In trend analysis, the base period is always normalised to 100%. This base period is used as a reference point for comparison to other periods or years to identify trends and growth patterns.
The percentage that will always be the base period in trend analysis is 100%. This is because the base year (or base period) is the timespan whose data is used as the starting point and is normalised to 100. It helps in comparing different sets of data over time to identify patterns and trends with inflation rates, prices, or growth levels. The selection of the base period is arbitrary and it is typically updated routinely so that it remains relatively close to the present, which ensures comparability over time. However, regardless of the base period chosen, the trend percentages relative to the base period will be consistent.

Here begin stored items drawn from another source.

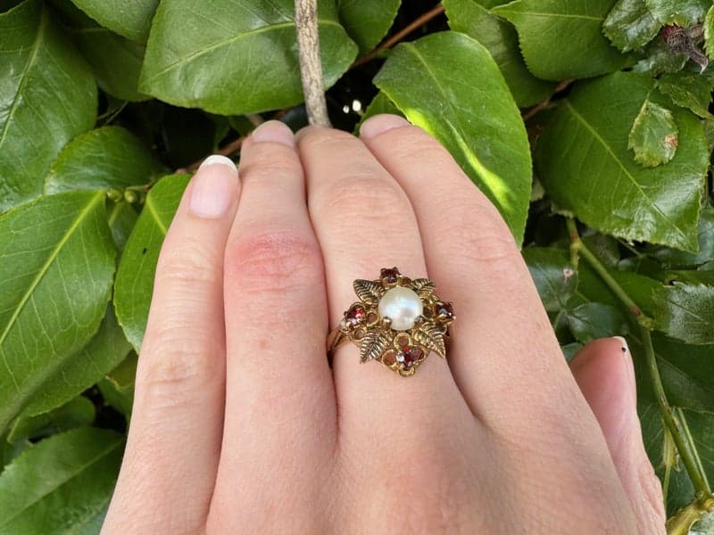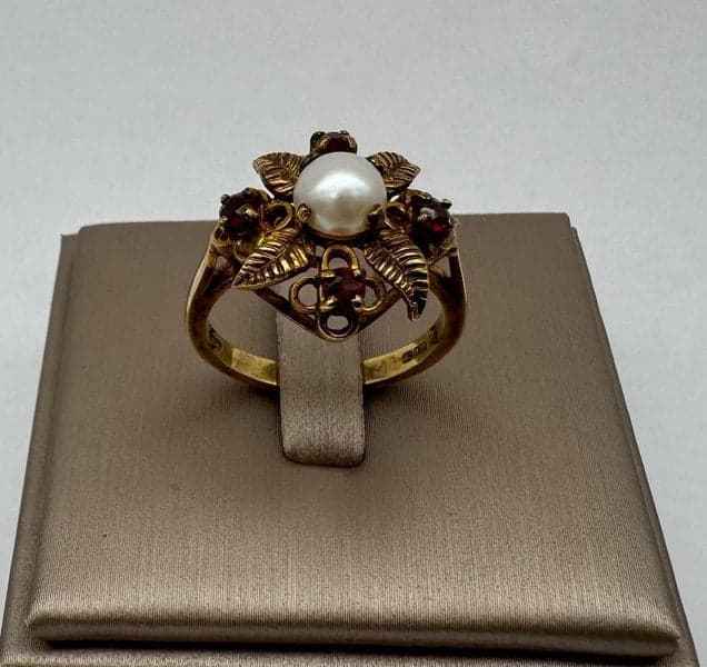 9ct Yellow Gold Pearl & Garnet Dress Ring ~ $1,400!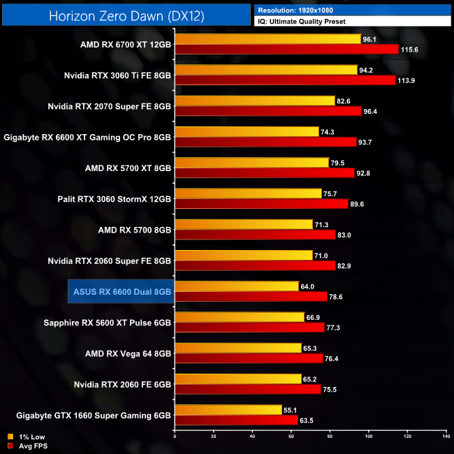 Next is Guerilla Games' Horizon Zero Dawn, running on the Decima engine. Once again we're seeing high frame rates at 1080p, with the RX 6600 hitting 79FPS using the highest quality settings. That's still not enough for it to match the RTX 3060 though, as it comes in 12% slower.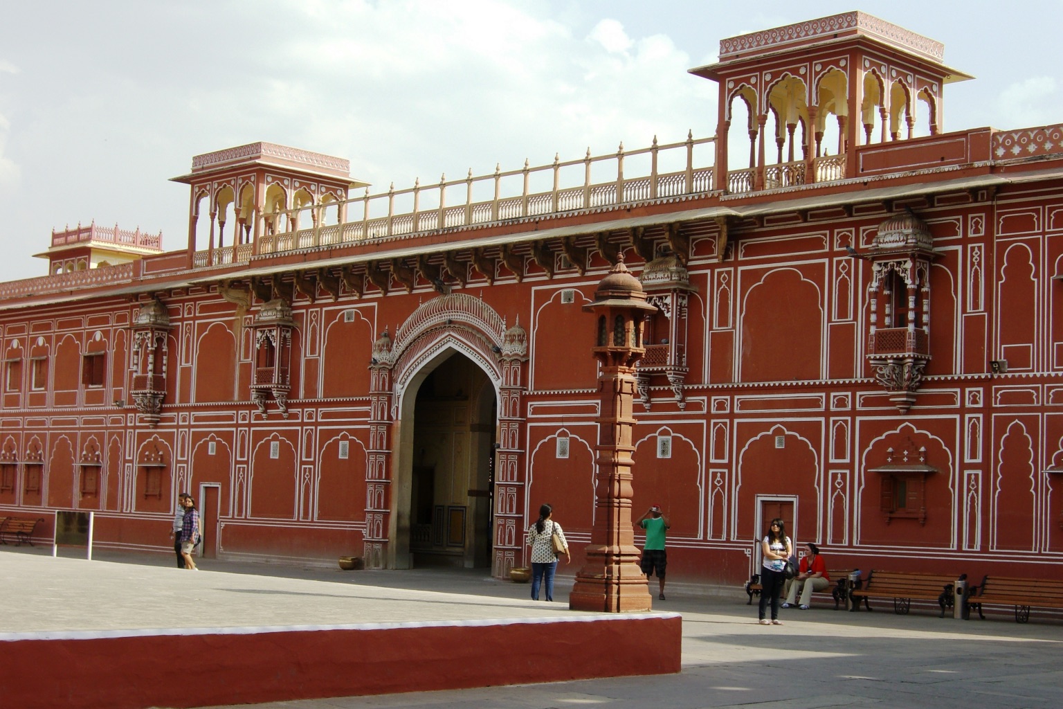 Construit en grès rouge et rose, le palais se trouve non loin du City Palace, en bordure du harem royal. Son but initial était de permettre aux dames de celui-ci d’observer la vie et festivités de la rue sans être vues.

For example, if we are analyzing economic growth, and we choose 2010 as the base year, then all GDP figures are compared to the 2010 level, which is set to 100. If the GDP in 2015 is twice that of 2010, it would be indexed at 200. This allows analysts to see that the economy has grown 100% since the base period, irrespective of the actual GDP values.
In inflation calculations or index numbers, a base period is also employed. Whether you are calculating inflation rates or comparing GDP changes, the base period serves as a consistent reference point. It's important to understand that using a different base period does not change the rate of inflation or growth; it simply changes the index numbers proportionally. Therefore, any base year chosen will result in the same rate of change when assessing inflation or growth patterns.